Table 3. Perturbations, constraints, and resulting Lagrange Multipliers used to generate Figures 5a-5h. The text describes how the constraints are derived.
Figure Captions.
Figure 1. The architecture of DynaMETE. A. Selected mechanisms are incorporated into transition functions. B. The time derivatives of state variables update the state variables. C. The transition functions, which depend upon the state variables are updated. D. Updated state variables and transition functions are averaged over the prior (time t ) structure function to update the time derivatives of the state variables. E. Under updated constraints and transition functions (dashed box), MaxEnt updates the structure function. F. The macroecological metrics are updated from the updated structure function. G. Steps B-F are iterated.

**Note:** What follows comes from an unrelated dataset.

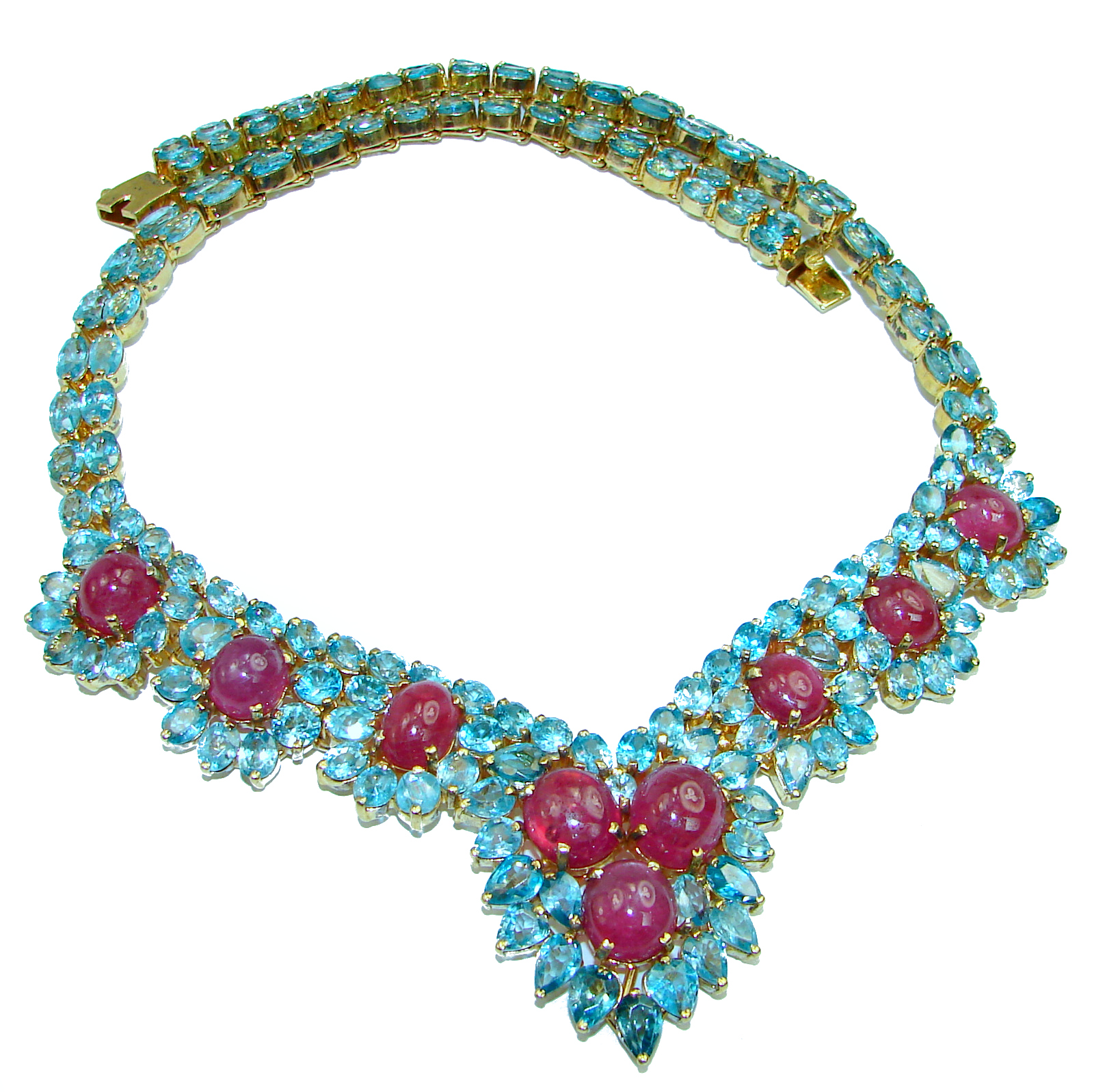 Bright Star authentic Ruby Swiss Blue Topaz 14K Gold over .925 Sterling Silver handcrafted necklace

Figure 2. Comparison of up- and down-scaled species richness using METE and DynaMETE, starting with identical species richness and abundance at the middle scale shown. The values of N , a proxy for area, span a scale range of 27. Transition function parameters andS and N values for the middle scale are from Table 2; at larger or smaller scales E c andm 0 are assumed to scale linearly with area and the other parameters are held constant.

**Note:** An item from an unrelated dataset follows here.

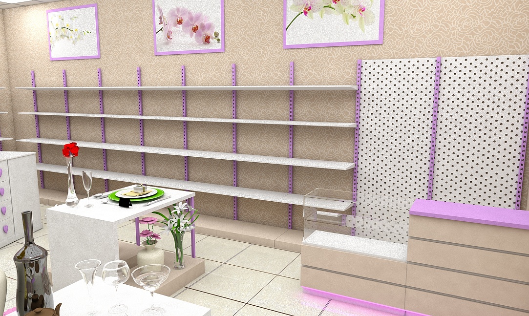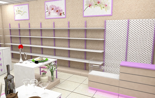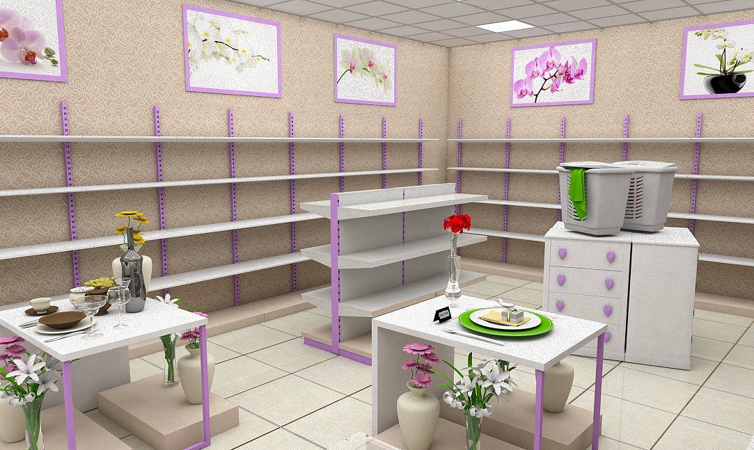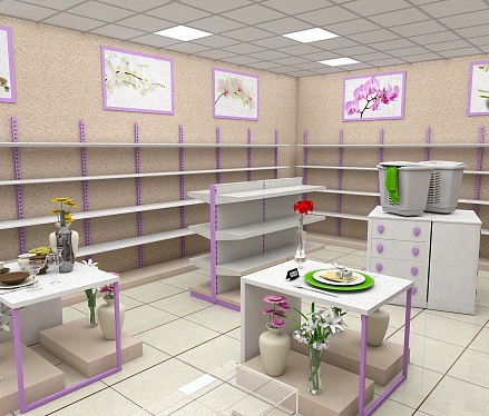 Задача - разработать интерьер магазина, подобрать торговое оборудование

Figure 3. Responses of state variables to perturbations simulated from Eqs. 38-40: a. reduction of immigration rate, m 0; b. increase in death rate, d 0; c. reduction in growth rate, \(\omega_{0};\ \)d. increase in the death rate and reduction in the immigration and ontogenic growth rates. The inset in 3d shows the state variable trajectories from 1985-2015 in the BCI 50 ha tropical forest plot. The censuses include trees with dbh> 1 cm . Data from Condit (2019); Hubbell et al., (2005). The inset assumes that the metabolic rate of individuals scales linearly with basal area.

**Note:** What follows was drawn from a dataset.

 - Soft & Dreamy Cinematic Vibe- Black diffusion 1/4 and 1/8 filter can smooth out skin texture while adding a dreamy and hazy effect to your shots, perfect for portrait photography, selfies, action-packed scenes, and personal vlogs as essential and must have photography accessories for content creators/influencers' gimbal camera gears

Figure 4. Predicted recovery of state variables to their steady state values in Table 1, as predicted from Eqs. 38-40, with steady state parameters and each initial state variable equal to 80% of its steady state value. The monotonic rise in S to steady state, along with the sizeable overshoot and then damped oscillation in N , and the smaller overshoot and then damped oscillation in E occur for a wide range of initially depleted state variables, steady state state variables, and parameter choices.
Figure 5. The effect of perturbations on the species abundance distribution (SAD) and the distribution of metabolic rates over individuals (MRDI). The relevant perturbation is in each plot’s title. Insets in Figs. 5g and 5h show BCI data (see caption to Fig. 3).